@@new

Boris Zbarsky bzbarsky at MIT.EDU
Wed Jun 18 12:01:04 PDT 2014


On 6/18/14, 1:46 PM, Domenic Denicola wrote:
> Yes, although in this case no initialization checks are necessary, just brand checks.

Well.  That depends on the desired behavior.

For example, say you have a DOMPoint as in your example above that is 
supposed to return Numbers for x and y.

In your pseudocode, what happens if .x or .y is accessed after @@create 
but before the constructor runs?  That depends on what slot 
initialization, if any, allocateNativeObjectWithSlots performs.  If a 
spec author wanted to not depend on implementation details like that, 
they would need to define that @@create puts something in the slots 
separate from whatever work the constructor does.

Note that at this point we're already forcing spec authors to think 
about the exact @@create behavior to make things subclassable and that 
in particular, every single existing spec that has a constructor will 
need to be revisited and modified as needed.

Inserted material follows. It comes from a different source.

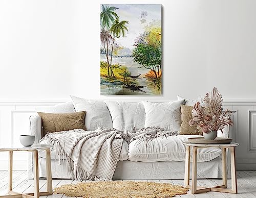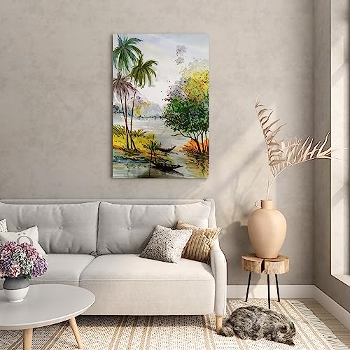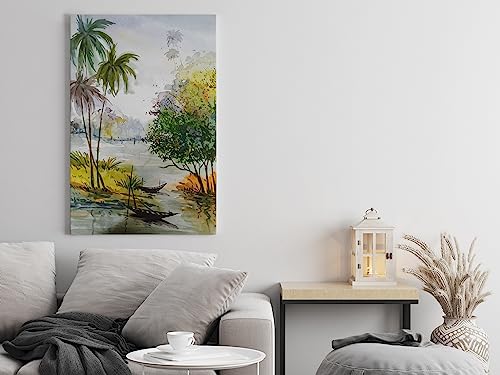 Home Gallery - لوحة فنية جدارية من القماش مرسومة باليد بالوان مائية جميلة مقاس 90 × 60 سم من هوم جالاري، أخضر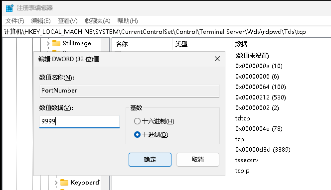 修改第一处,进入 计算机\HKEY_LOCAL_MACHINE\SYSTEM\CurrentControlSet\Control\Terminal Server\Wds\rdpwd\Tds\tcp,右击PortNumber,选择修改,默认端口为3389,新的端口按自己需求设置,这里设置为:9999

Doing an initialization check instead of a brand check would avoid 
needing to define @@create behavior in that sort of detail, I think, but 
adds extra checks that need to be performed, in addition to the brand 
check, and extra state (initialized or not) to be stored.

> Given how few DOM objects have reasonable constructors to begin with

I'm not sure how you're defining "reasonable", but a quick look at 
Gecko's IDL shows 136 IDL files that have at least constructor in them 
that takes some arguments and does not simply take a single optional 
argument (a dictionary, say).  For comparison, we have 586 IDL files 
total...

Some of these are not standards yet, and a few I think have a 
no-argument constructor in addition to the one with arguments, and a 
bunch are event constructors that would all presumably be defined in a 
similar way in the spec, but I think you're significantly 
underestimating the number of things that have constructors that 
actually do something with their arguments.